*Data below*.
┌──

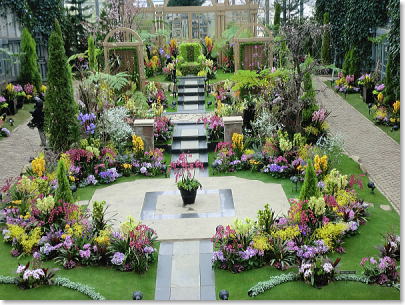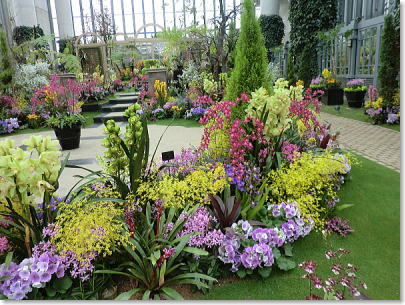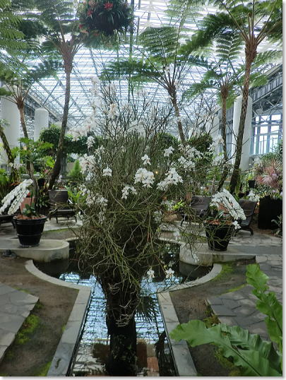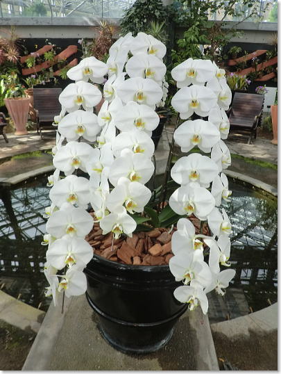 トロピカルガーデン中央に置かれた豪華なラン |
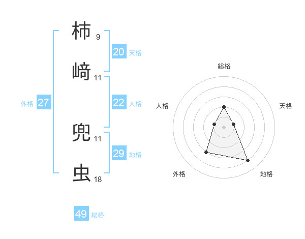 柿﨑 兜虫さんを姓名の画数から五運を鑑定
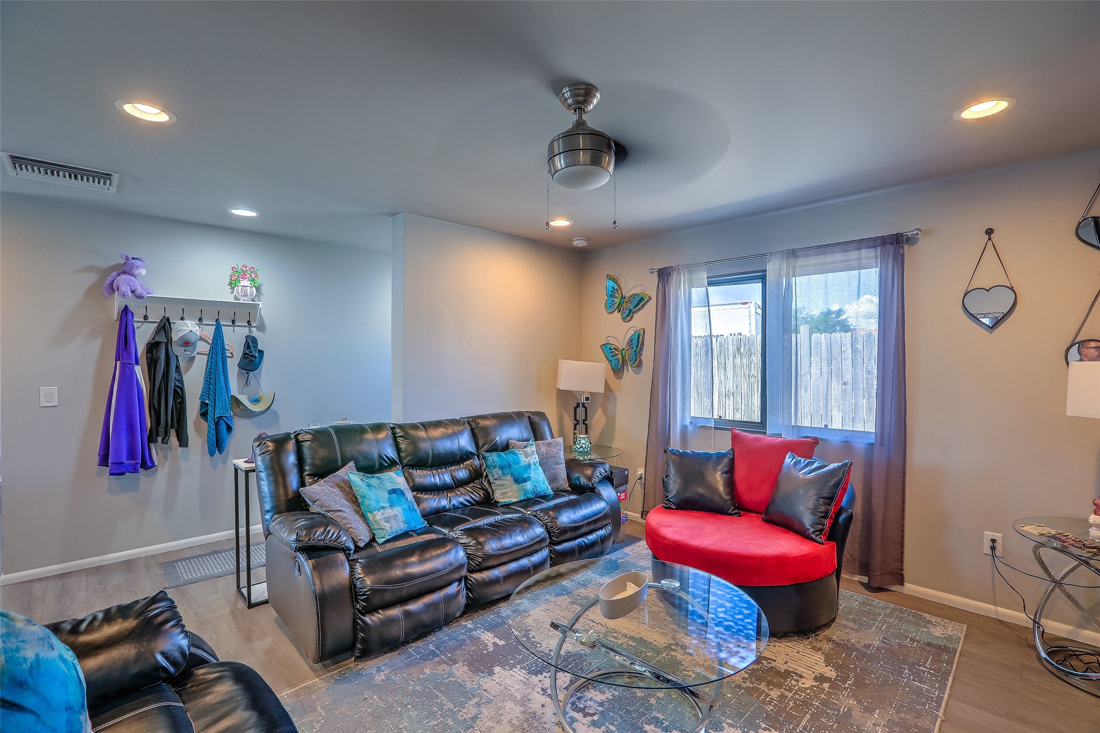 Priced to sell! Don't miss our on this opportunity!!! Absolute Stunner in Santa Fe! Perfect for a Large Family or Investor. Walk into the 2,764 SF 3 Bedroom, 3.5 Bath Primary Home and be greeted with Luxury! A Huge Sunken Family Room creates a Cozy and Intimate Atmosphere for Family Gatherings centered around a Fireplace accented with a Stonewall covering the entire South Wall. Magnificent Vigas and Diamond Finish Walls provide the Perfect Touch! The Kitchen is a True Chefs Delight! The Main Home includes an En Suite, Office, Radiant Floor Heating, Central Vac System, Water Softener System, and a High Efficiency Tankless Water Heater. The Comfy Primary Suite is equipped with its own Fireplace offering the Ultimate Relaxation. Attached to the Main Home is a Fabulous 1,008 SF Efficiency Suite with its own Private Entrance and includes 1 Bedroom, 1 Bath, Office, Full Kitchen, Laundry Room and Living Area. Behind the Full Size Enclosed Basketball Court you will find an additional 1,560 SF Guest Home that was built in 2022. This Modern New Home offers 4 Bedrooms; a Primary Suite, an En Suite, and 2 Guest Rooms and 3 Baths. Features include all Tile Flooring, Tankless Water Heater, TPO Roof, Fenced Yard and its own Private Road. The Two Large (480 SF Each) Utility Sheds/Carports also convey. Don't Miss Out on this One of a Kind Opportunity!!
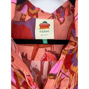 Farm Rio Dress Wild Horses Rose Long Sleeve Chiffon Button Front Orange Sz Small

└──

*Work request*. Omit the pictures and write out the remaining data exactly.

*Solution to this problem*.
 トロピカルガーデン中央に置かれた豪華なラン |
 柿﨑 兜虫さんを姓名の画数から五運を鑑定
 Priced to sell! Don't miss our on this opportunity!!! Absolute Stunner in Santa Fe! Perfect for a Large Family or Investor. Walk into the 2,764 SF 3 Bedroom, 3.5 Bath Primary Home and be greeted with Luxury! A Huge Sunken Family Room creates a Cozy and Intimate Atmosphere for Family Gatherings centered around a Fireplace accented with a Stonewall covering the entire South Wall. Magnificent Vigas and Diamond Finish Walls provide the Perfect Touch! The Kitchen is a True Chefs Delight! The Main Home includes an En Suite, Office, Radiant Floor Heating, Central Vac System, Water Softener System, and a High Efficiency Tankless Water Heater. The Comfy Primary Suite is equipped with its own Fireplace offering the Ultimate Relaxation. Attached to the Main Home is a Fabulous 1,008 SF Efficiency Suite with its own Private Entrance and includes 1 Bedroom, 1 Bath, Office, Full Kitchen, Laundry Room and Living Area. Behind the Full Size Enclosed Basketball Court you will find an additional 1,560 SF Guest Home that was built in 2022. This Modern New Home offers 4 Bedrooms; a Primary Suite, an En Suite, and 2 Guest Rooms and 3 Baths. Features include all Tile Flooring, Tankless Water Heater, TPO Roof, Fenced Yard and its own Private Road. The Two Large (480 SF Each) Utility Sheds/Carports also convey. Don't Miss Out on this One of a Kind Opportunity!!
 Farm Rio Dress Wild Horses Rose Long Sleeve Chiffon Button Front Orange Sz Small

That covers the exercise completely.